Because then you'd need to mail out these USB keys and hope that they don't go missing or are misused before IT can force a key rotation. Also the time involved in buying and creating the USB keys for all remote employees. Just have everyone bring their laptop to the closest office, IT can scan the key off their machine for the laptop, and now they can quickly delete the offending CrowdStrike files. If you mailed them out, employees would still need to be walked through on deleting the files and would need the right access to do so.
If you have 5 IT workers processing 200 remote employees at each office and the resolution takes only 5 minutes, you can get the work done in 3 hours. Building USB keys and waiting for them to be mailed out for every employee probably takes longer than it took to write the basic barcode script.
> How can you rotate the bitlocker key? I was under the impression that it’s permanent.

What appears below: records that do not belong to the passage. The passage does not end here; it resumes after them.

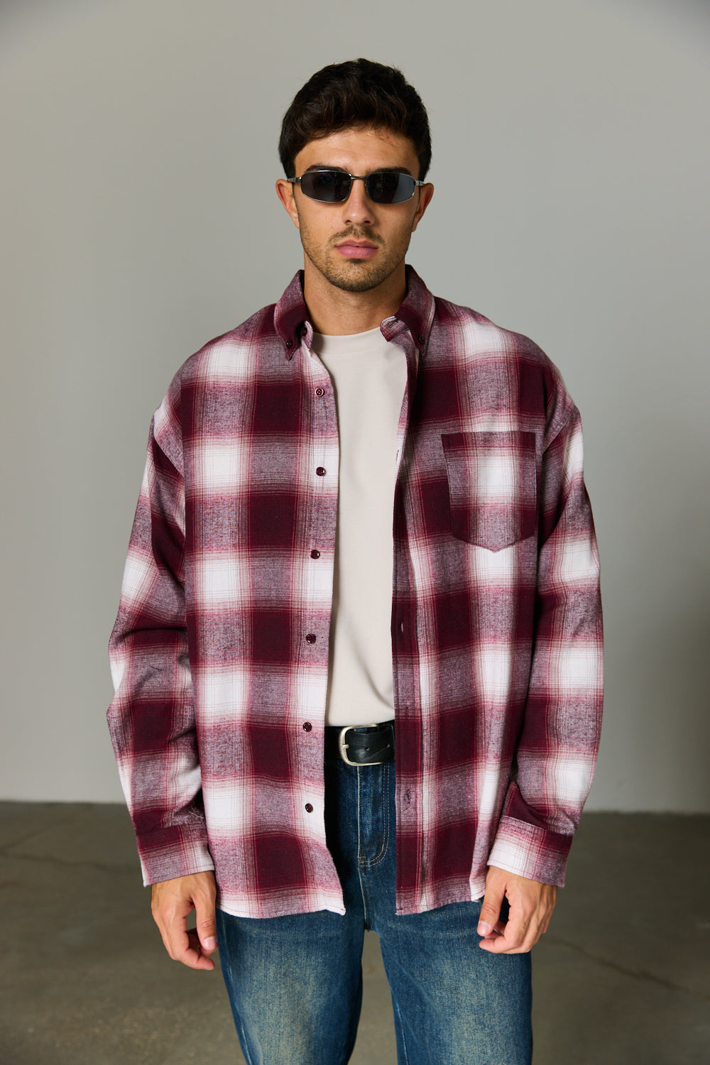 מכופתרת בגזרה ישרה מבד משבצות נעים למגע בשילוב צווארון קלאסי, סגירת כפתורים מלפנים וכיס קדמי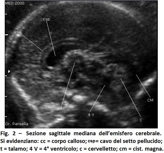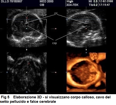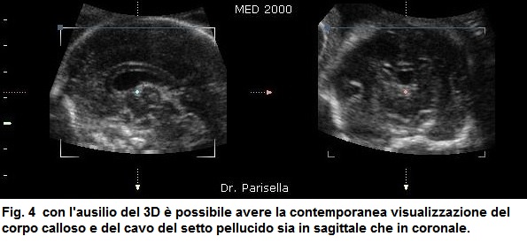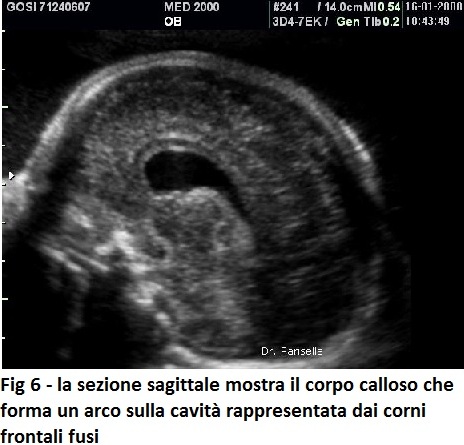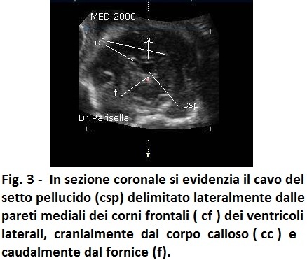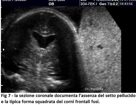 Utilizzando, invece, piani di scansione coronali nel II trimestre o visualizzare la fusione dei corni frontali nel III trimestre quando la cavità ventricolare è più ampia, permette di porre senza ombra di dubbio la diagnosi di assenza del setto pellucido.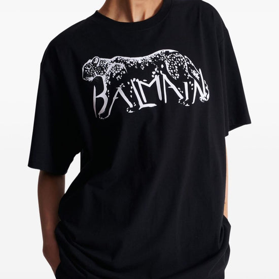 Black leopard print short sleeves crew neck cotton graphic print leopard print t-shirt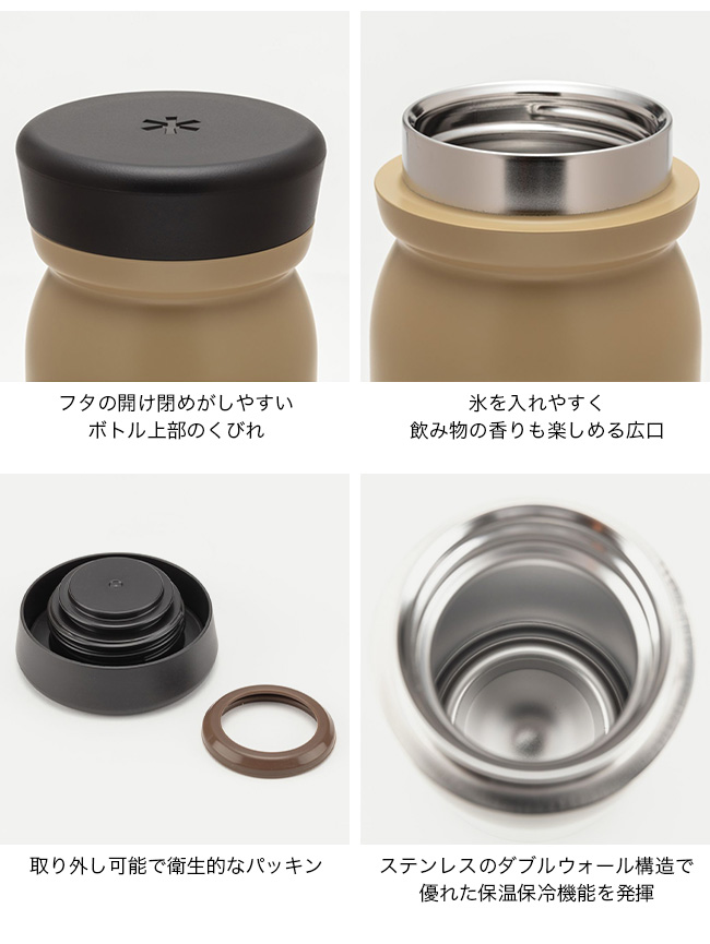 ステンレスのダブルウォール構造で、内部を真空にすることで外気の影響を遮断し、優れた保温保冷機能を発揮。

The actual key key is not changeable, but the "recovery key" is not actually the key (or a representation of it) but is another password that unlocks the actual key. As already mentioned, this can be done in one click on an admin console, and even on personal systems you could change it (even to all zeroes if you're stupid enough) using the manage-bde command-line program.
Woltz is pleased that his idea translated into a swift recovery, but also a little regretful he didn't think of using QR codes – they could have encoded sufficient data to automate the entire remediation process.
I don't follow this, what could they have done with QR codes?
I used to work in an archive, and the Symbol LS2208 was a pretty great scanner. The model is also old enough, that you can find them branded Symbol, Motorola, and Zebra.
I had my own cheat sheet to reprogram it, eg. changing the final character to tab or enter, scan on trigger press or always scan. It struggled a little with black barcodes on navy blue labels, but that's a terrible idea anyway.